The Guacamole case is really different since their customers will be by
definition the IT departments. So, even if OS packaging was already good
enough, you will still have a big chance of selling it to a big corporation.

------
whalesalad
Guacamole also has one of the best, most succinct open source websites out
there. No BS, easy to navigate, clear call to action on most pages.

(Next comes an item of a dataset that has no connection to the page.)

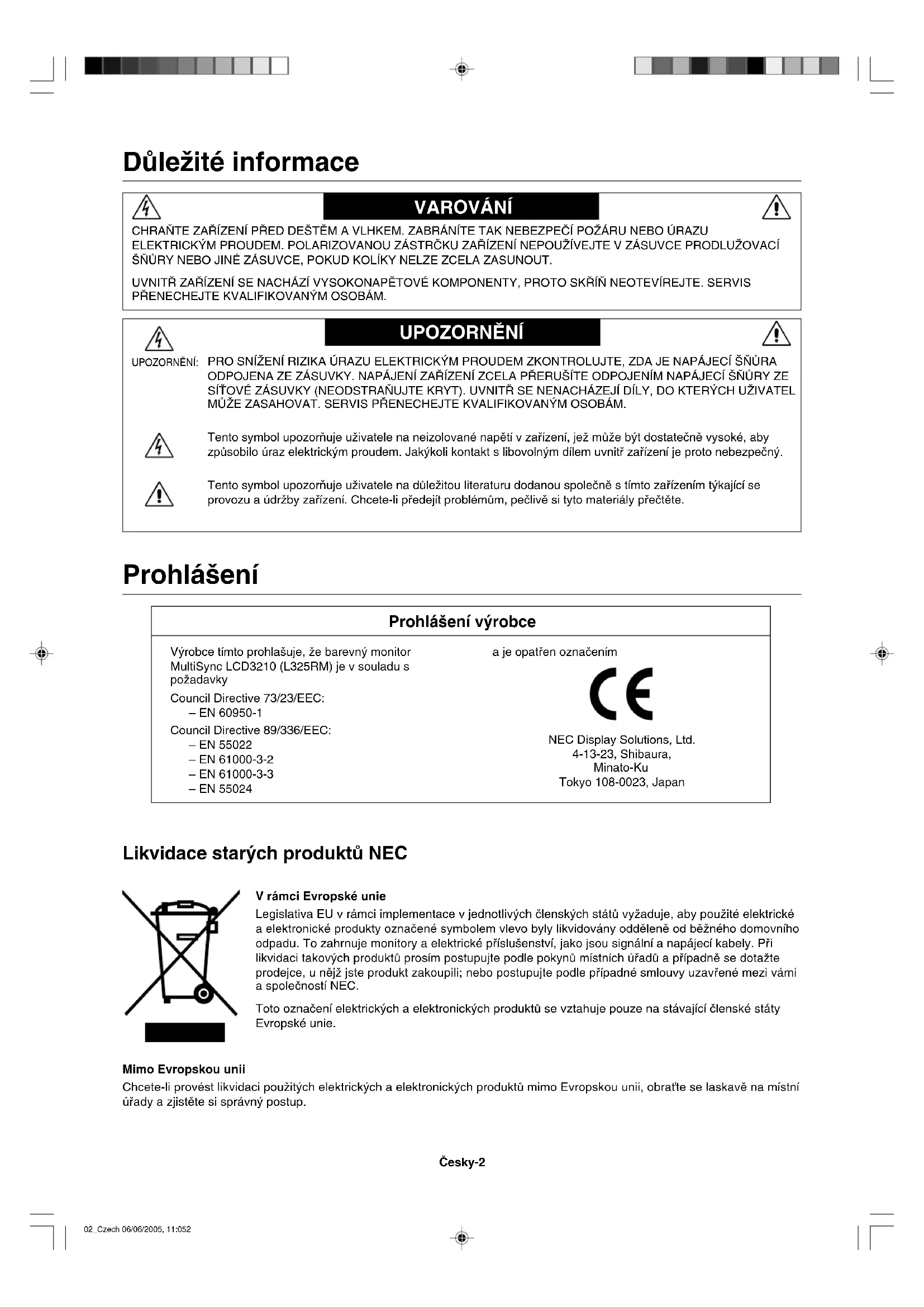 - ≈ÒRY NEBO JINÉ ZÁSUVCE, POKUD KOLÍKY NELZE ZCELA ZASUNOUT. UVNIT¤ ZA¤ÍZENÍ SE NACHÁZÍ VYSOKONAPùTOVÉ KOMPONENTY, PROTO SK¤Í≈ NEOTEVÍREJTE. SERVIS P¤ENECHEJTE KVALIFIKOVAN¯M OSOBÁM. VAROVÁNÍ UPOZORNùNÍ UPOZORNùNÍ: PRO SNÍÎENÍ RIZIKA ÚRAZU ELEKTRICK¯M PROUDEM ZKONTROLUJTE, ZDA JE NAPÁJECÍ ·≈ÒRA ODPOJENA ZE ZÁSUVKY. NAPÁJENÍ ZA¤ÍZENÍ ZCELA P¤ERU·ÍTE ODPOJENÍM NAPÁJECÍ ·≈ÒRY ZE SÍËOVÉ ZÁSUVKY (NEODSTRA≈UJTE KRYT). UVNIT¤ SE NENACHÁZEJÍ DÍLY, DO KTER¯CH UÎIVATEL MÒÎE ZASAHOVAT. SERVIS P¤ENECHEJTE KVALIFIKOVAN¯M OSOBÁM. Tento symbol upozorÀuje uÏivatele na neizolované napûtí v zafiízení, jeÏ mÛÏe b˘t dostateãnû vysoké, aby zpÛsobilo úraz elektrick˘m proudem. Jak˘koli kontakt s libovoln˘m dílem uvnitfi zafiízení je proto nebezpeãn˘. Tento symbol upozorÀuje uÏivatele na dÛleÏitou literaturu dodanou spoleãnû s tímto zafiízením t˘kající se provozu a údrÏby zafiízení. Chcete-li pfiedejít problémÛm, peãlivû si tyto materiály pfieãtûte. Likvidace star˘ch produktÛ NEC V rámci Evropské unie Legislativa EU v rámci implementace v jednotliv˘ch ãlensk˘ch státÛ vyÏaduje, aby pouÏité elektrické a elektronické produkty oznaãené symbolem vlevo byly likvidovány oddûlenû od bûÏného domovního odpadu. To zahrnuje monitory a elektrické pfiíslu‰enství, jako jsou signální a napájecí kabely. Pfii likvidaci takov˘ch produktÛ prosím postupujte podle pokynÛ místních úfiadÛ a pfiípadnû se dotaÏte prodejce, u nûjÏ jste produkt zakoupili; nebo postupujte podle pfiípadné smlouvy uzavfiené mezi vámi a spoleãností NEC. Toto oznaãení elektrick˘ch a elektronick˘ch produktÛ se vztahuje pouze na stávající ãlenské státy Evropské unie. Mimo Evropskou unii Chcete-li provést likvidaci pouÏit˘ch elektrick˘ch a elektronick˘ch produktÛ mimo Evropskou unii, obraÈte se laskavû na místní úfiady a zjistûte si správn˘ postup. 02_Czech 06/06/2005, 11:052âesky âesky-3 CHCETE-LI DOSÁHNOUT OPTIMÁLNÍHO V¯KONU BAREVNÉHO MONITORU MULTISYNC LCD3210, POSTUPUJTE P¤I INSTALACI A NASTAVENÍ PODLE NÁSLEDUJÍCÍCH POKYNÒ:

Bravo.

------
miles
Previously:

Guacamole – A clientless remote desktop gateway, 1096 points | Oct 3, 2017 |
218 comments

[https://news.ycombinator.com/item?id=15389727](https://news.ycombinator.com/item?id=15389727)

------
IshKebab
Unfortunately the answer usually seems to be "make it difficult to build or
set up so people will be pay you to do that for them" (or put no effort into
making it easier).

I think the open core model is better - it provides less incentive to make the
open source version difficult to set up, and I'd guess it provides more stable
income.

------
guerby
Another less well-known free software for remote access:

[https://github.com/Ylianst/MeshCentral](https://github.com/Ylianst/MeshCentral)

Developped by Intel for AMT/vPro management but works also as a remote desktop
in the browser.

------
Shared404
Another interesting example of this is ZynAddSubFX [1].

Although there is not a company built around this (to the best of my
knowledge), they do sell binaries while leaving all of the code open source.

[1] [https://zynaddsubfx.sourceforge.io/](https://zynaddsubfx.sourceforge.io/)